## Assignment
The lines to return run from the start of the material below through the line holding "2~4mほどになります。 雑木林や林の縁、 山地の道などの湿り気と日陰のある場所を好みます。", both included; please give them back exactly, minus the pictures.

## Raw data

═══

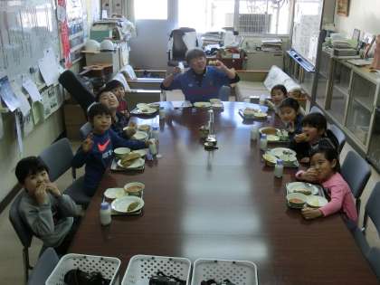 5〜7名の児童が校長室におじゃましまして『会食』を楽しんでいます。
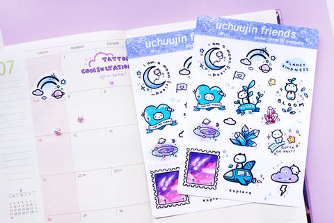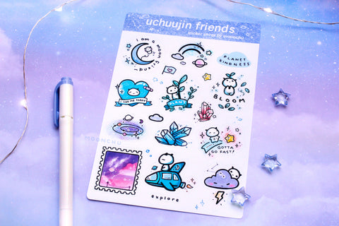 uchuujin friends alien sticker sheet, space friends sticker sheet, kiss cut
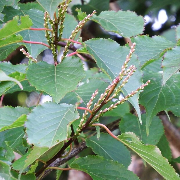 2~4mほどになります。 雑木林や林の縁、 山地の道などの湿り気と日陰のある場所を好みます。 時に高さ7mになるものもあります。
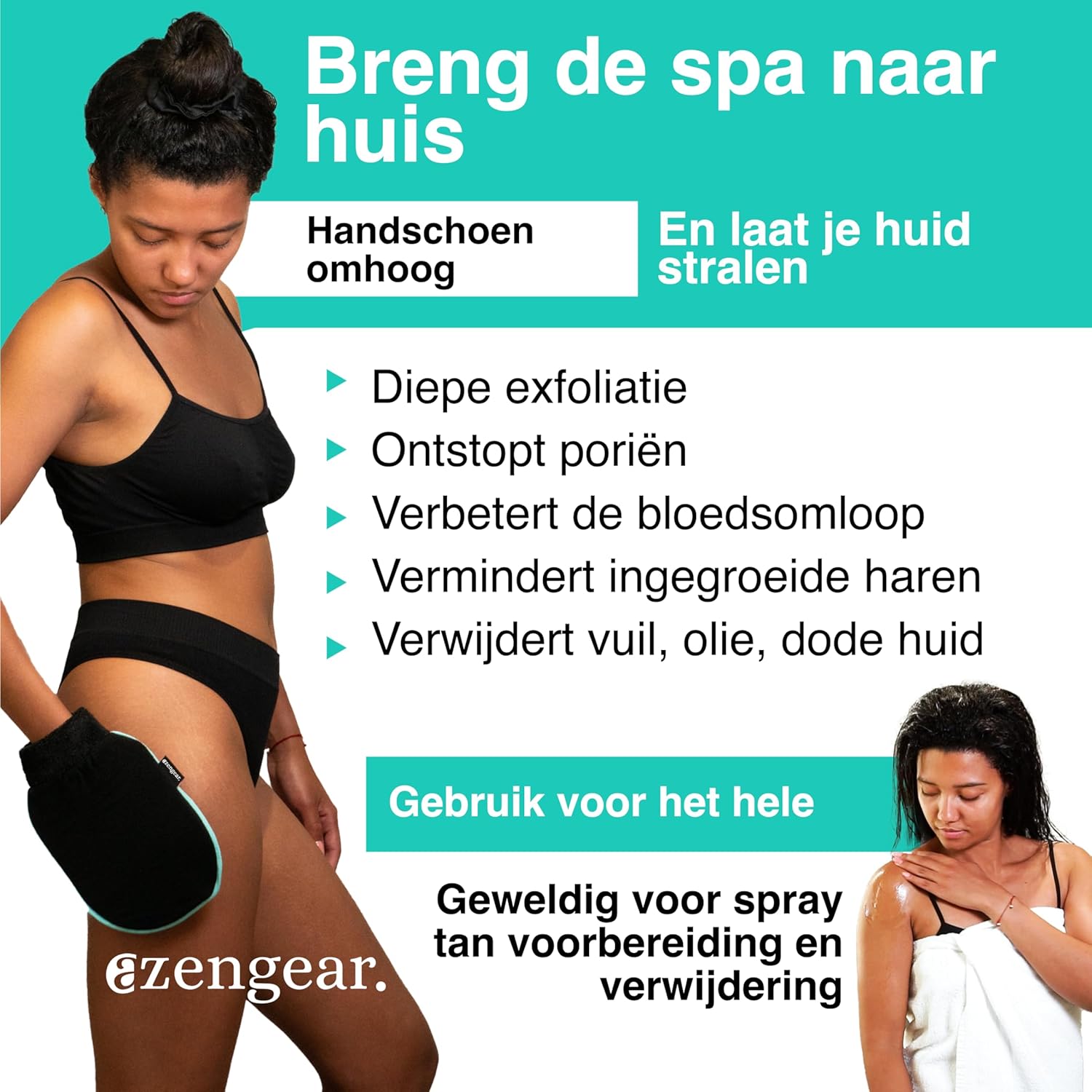 Zachte maar Diepe Exfoliatie: Gemaakt van 100% natuurlijke viscose plantvezels, is de aZengear exfoliërende handschoen zacht voor de huid maar krachtig genoeg om vuil, olie en dode huidcellen te verwijderen. Geen irriterende, harde scrubs meer! Ervaar een opmerkelijke transformatie in de textuur van je huid. Onze douchehandschoenen zorgen voor onmiddellijke, zichtbare resultaten, waardoor doffe, levenloze huid verandert in een levendige, stralende perfectie.

═══

## Exercise output
 5〜7名の児童が校長室におじゃましまして『会食』を楽しんでいます。
 uchuujin friends alien sticker sheet, space friends sticker sheet, kiss cut
 2~4mほどになります。 雑木林や林の縁、 山地の道などの湿り気と日陰のある場所を好みます。 時に高さ7mになるものもあります。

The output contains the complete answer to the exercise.